Sounds useful, but is this the bit that causes the 30% performance hit?
No. You only pay that penalty if you switch encoding. The standard case has no extra cost.
I'm confused. I thought the standard case was conversion to the system's local encoding? How is that different than selecting the same encoding manually?
Sorry, I think we've been talking at cross purposes.
There always has to be *some* conversion from a 32-bit Char to the system's selection, right?
Yes. In text mode there is always some conversion going on. Internally there is a byte buffer and a char buffer (ie UTF32).
What exactly do we have to do to avoid the penalty?
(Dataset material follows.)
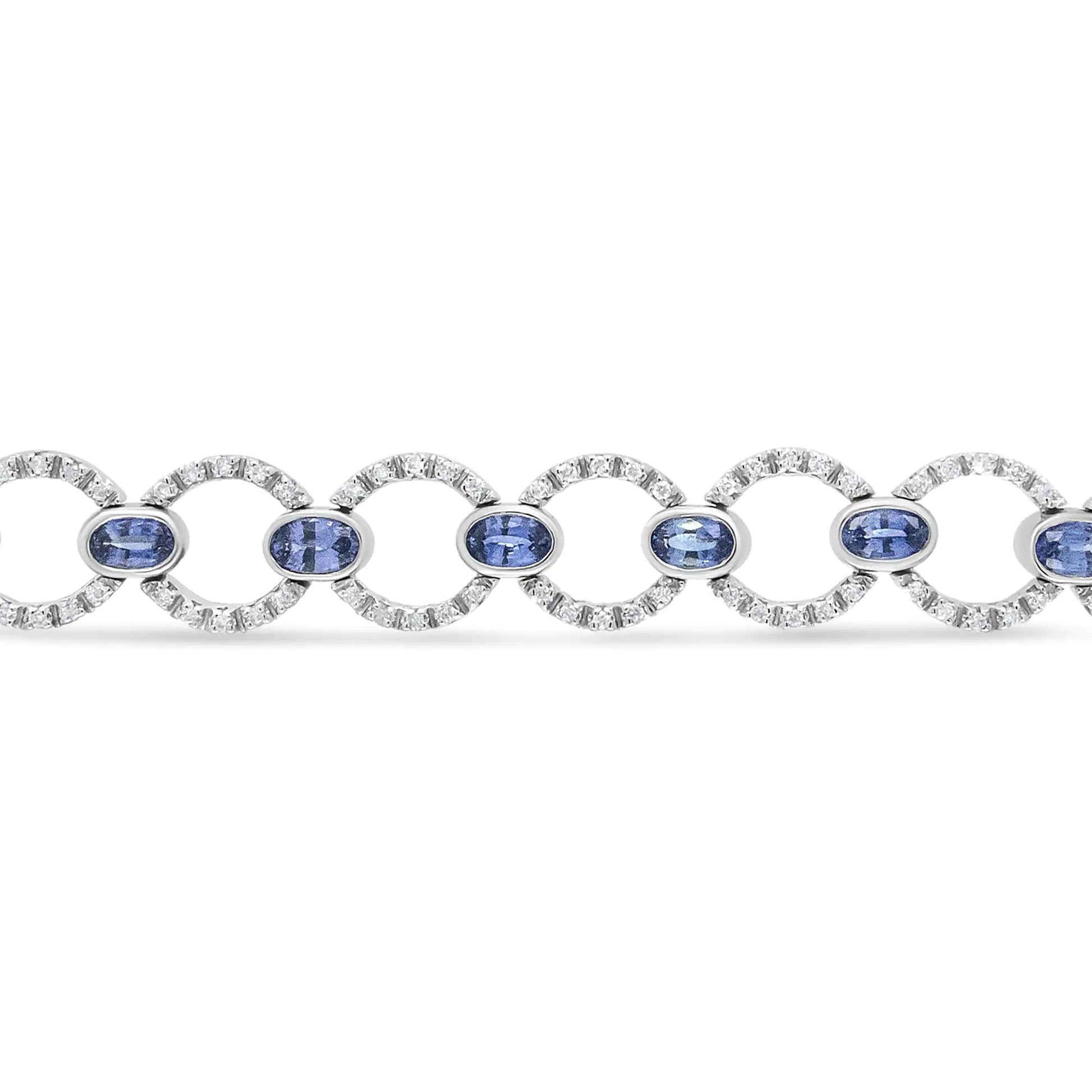 18K White Gold 6 Cttw Diamond and 5x3mm Oval Blue Sapphire Openwork Circle Link Bracelet (F-G Color, SI1-SI2 Clarity) - Size 7"

The penalty we're talking about here is not the cost of converting bytes to characters, it's in switching which encoding the Handle is using. For example you might read some HTTP headers in ASCII and then switch the Handle encoding to UTF8 to read some XML. Switching the Handle encoding has a penalty. We have to discard the characters that we pre-decoded and re-decode the byte buffer in the new encoding. It's actually slightly more complicated because we do not track exactly how the byte and character buffers relate to each other (it'd be too expensive in the normal cases) so to work out the relationship when switching encoding we have to re-decode all the way from the beginning of the current byte buffer. The point is, in terms of performance we get the ability to switch handle encoding more or less for free. It has a cost in terms of code complexity. The simpler alternative design was that you would not be able to switch encoding on a read handle that used any buffering at the character level without loosing bytes. The performance penalty when switching encoding is the downside to the ordinary code path being fast.
No, I think that's 30% for latin1. The cost is not really the character conversion but the copying from a byte buffer via iconv to a char buffer.
Don't we already have to copy between a byte buffer and a char buffer, since read() and write() use a byte buffer?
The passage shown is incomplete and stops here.